Cette conception d’un monde miroir de l’autre était aussi connue d’autres civilisations, comme celle des Incas. En effet, la vallée andine dans laquelle prospérait l’empire Inca, la Vallée Sagrada, était le vivant reflet de la Voie Lactée qu’ils observaient au-dessus de leurs têtes chaque nuit. Peut-être avaient-ils reçu le même héritage antique que les Égyptiens ?
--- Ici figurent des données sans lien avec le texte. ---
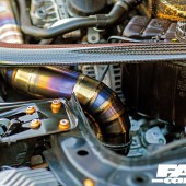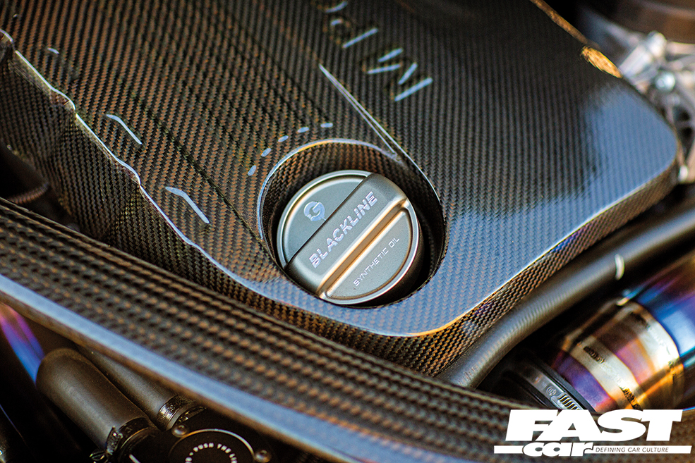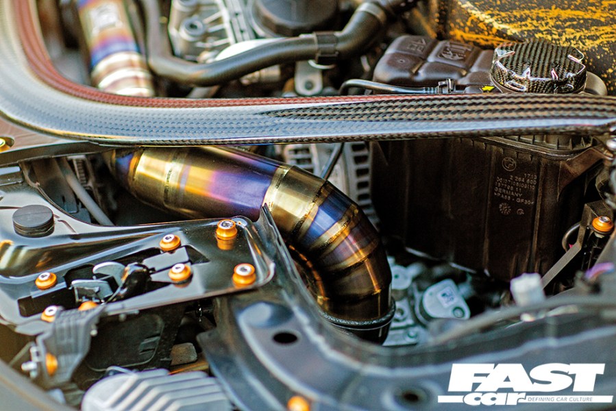 Germanic motorsport heritage and a sponsorship deal saw Christian swapping from his previous wheels to a set of BBSs. The 20” LM-Rs work so well in the custom hand-brushed aluminium finish with gold plated titanium fasteners, and measuring in at 9.5”-wide at the front and 11” across at the rear, they dominate the on-point stance, while generously proportioned Michelin Pilot Sport 4s do their best to lay down the power.

Pour terminer, nous pouvons dire qu’un symbole est réellement une entité vivante puisqu’il va, comme toute entité, posséder un corps qui est sa forme, son aspect écrit, son image et une âme qui, sur le plan psychique et spirituel, représente son but, son vrai pouvoir et sa signification qui ne peut être comprise que par les yeux de l’âme, et non ceux de l’esprit objectif, totalement ignorant sur ce plan. « La science même, est de ne rien savoir ! », disait Frère Christian Rosenkreutz. C’est dans ce même esprit que naîtront les hiéroglyphes qui vont permettre de codifier au-delà des siècles, des lois, des textes sacrés et des récits d’une rare profondeur mystique.

Bibliographie :

Prof. Philippe Seringe, Les Symboles, Éditions Hélios.

Jean-Claude Goyon, Ré, Maât et Pharaon ou le destin de l’Égypte Antique, Éditions A.C.V.

Josselyne Chourry, « Si Petit Poucet m’était conté », in Revue Rose-Croix Hiver 2016.

Enel, Les Origines de la Genèse dans l’enseignement des temples de l’ancienne Égypte, Éditions Maisonneuve et Larose.

H.P. Blavatsky, La Doctrine Secrète, tomes 2 et 5, Éditions Adyar.